To be honest the Liberals getting away with doing so well in the face of a recession when they've been governing for 15 of the last 16 years strikes me as odd - even Clark managed to seize power from Papa Trudeau in 1979, and when the late-1950s recession hit the new Diefenbaker government in 1958, voters took it out on the Liberals who had governed for 22 of the previous 23 years. I mean, yes, Canada weathered the recession better than most countries, but still.

Layton losing his own seat is obviously the upset of this election - hard to put a brave face on that. (Again, I don't think it's likely but I concede the Liberals do tend to sweep the 416 with impunity.) I assume we'll be seeing their leadership convention soon and smart money is on Charlie Angus but as always with the NDP you can never discount a woman or visible minority (or both!) coming out of nowhere to win the leadership. One problem is the only women who made serious bids IOTL were Niki Ashton and Peggy Nash, who currently also do not have seats in Parliament. Maybe a provincial figure might make the jump?

Ultimately, the contest was a drama-free affair. Despite attempts by some to build the race up as competitive, the outcome was never in doubt, and Prentice took the leadership handily on the first ballot.

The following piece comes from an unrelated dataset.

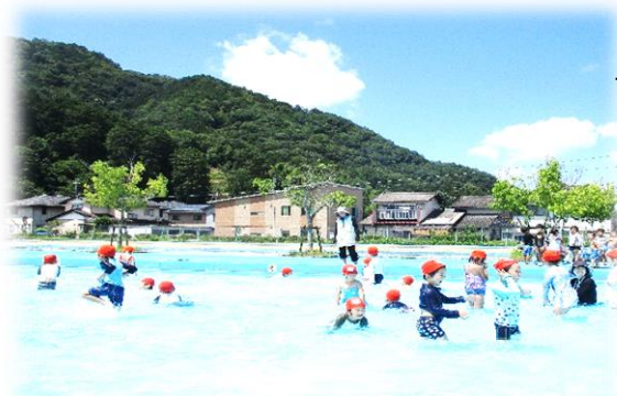
青い空の下、広い市民プール!最高で～す

And let me guess, he's about to be dealt a bad hand yet again (just as IOTL by your estimation) as McKenna wins 200+ seats and over 50% of the vote in 2013? :p
 
The Liberals breaking through in Calgary seems odd to me. They're probably moving full steam ahead on the environmentalist agenda and the recession hit Alberta hard - why would Calgary embrace the governing Liberals in this situation?
Eh, I dunno. McKenna was very much a Business Liberal (although he will be more Environmental than Harper obviously), and with how big the Liberals are winning, I don't see why they couldn't win some seats in Calgary.
To be honest the Liberals getting away with doing so well in the face of a recession when they've been governing for 15 of the last 16 years strikes me as odd - even Clark managed to seize power from Papa Trudeau in 1979, and when the late-1950s recession hit the new Diefenbaker government in 1958, voters took it out on the Liberals who had governed for 22 of the previous 23 years. I mean, yes, Canada weathered the recession better than most countries, but still.
You know, I discussed this with True Grit when we were cooking this up. It's mostly due to how "detached" (for lack of a better term) McKenna is from the previous Chretien-Martin duopoly; he's not seen as much of a continuation in spite of the Liberals having been in office 15 of the past 16 years (which IMO is a very interesting dynamic), and Flaherty being seen as too right-wing doesn't help things for the CPC.
Maybe a provincial figure might make the jump?
I can neither confirm nor deny this.
And let me guess, he's about to be dealt a bad hand yet again (just as IOTL by your estimation) as McKenna wins 200+ seats and over 50% of the vote in 2013? :p
I write timelines, not fantasies :p.